Found yourself in quick need to extract text from an image in Discord? Meet Jet, a discord bot that aims to extract text from any image attachment you feed it!
Powered by Python-tesseract
See blog post here: Jet - OCR Funsies on Discord
The purpose of this project is to create a discord bot where as a user, I would type a command along with an attachment that has text and in return, the bot would return the user the text within the image through optical character recognition (OCR).
During the years of 2022, I became quite interested in Japanese culture and the likes through games (ex. gacha games) and media (variety shows).
This interest led me to taking an interest in picking up Japanese as a language to learn. However, one problem arises during my own self-studies:
If I wanted to learn Japanese, I would need to learn the Japanese characters and invest time into learning the various kanji that represent the fundamentals of the Japanese language, but I don't exactly have a Japanese keyboard nor know the characters in the first place. How would I be able grab each individual (or set of) Japanese kanji in the first place?

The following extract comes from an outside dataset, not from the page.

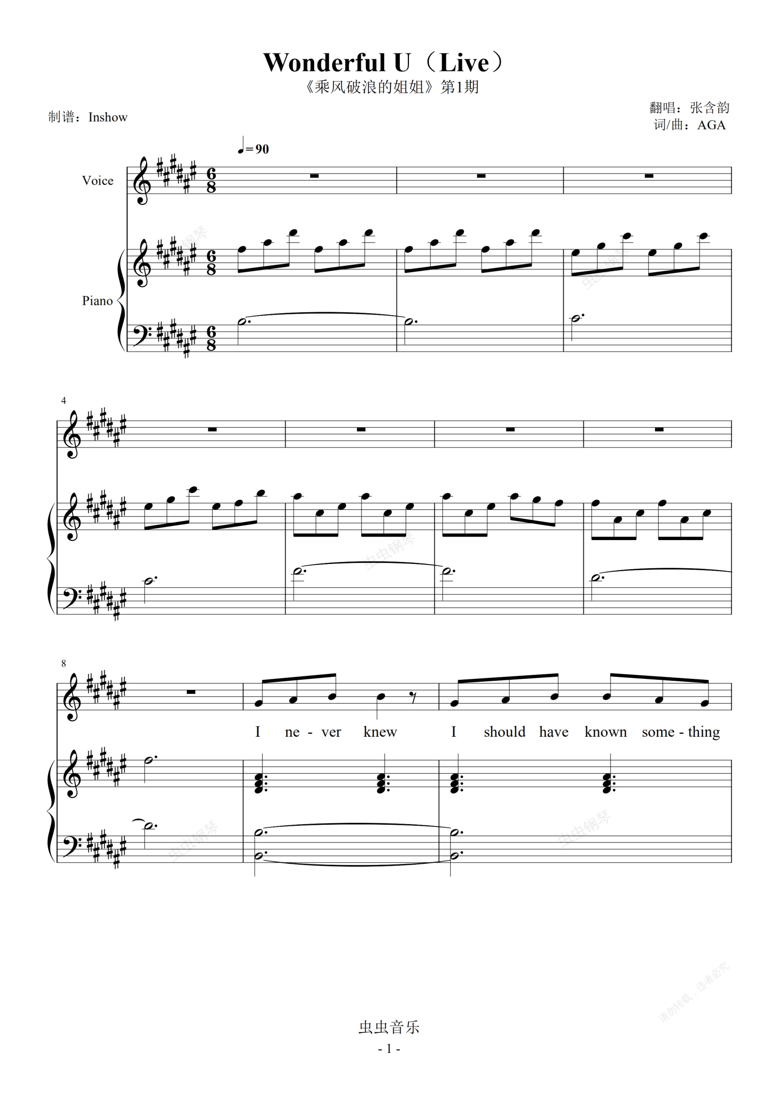 钢琴谱:Wonderful U(《乘风破浪的姐姐》第1期)

Gaki No Tsukai 2012 - Kiki Mizu Yokan episode
Through my development journey, I came across the concept of OCR and how it works. This gave me the idea where if I were to utilize the power of OCR to grab text from images that I provide, I would be able to easily retrieve various kanji to use them for my self-studies.
Python version: 3.8.10
- Clone this repository
- Using Python, install the necessary packages within
requirements.txt
Example:
pip install -r requirements.txt
- Within the root project folder, create a
.env
file. This will store your Discord token. Your directory should look something like this:
OCR-BOT/
├── tests/
├── image_util.py
├── main.py
├── ocr_reader.py
├── .env <--- your newly created .env file!
└── ...
- Inside your
.env
file, add your Discord token with the following:
DISCORD_TOKEN='YOUR TOKEN HERE'
- Run
main.py
and you should be good to go!
Example:
python main.py
While online, the bot will listen to the $text
command. This command must include an image attachment that is meant to read. If successful, the bot will respond a message to confirm the attachment.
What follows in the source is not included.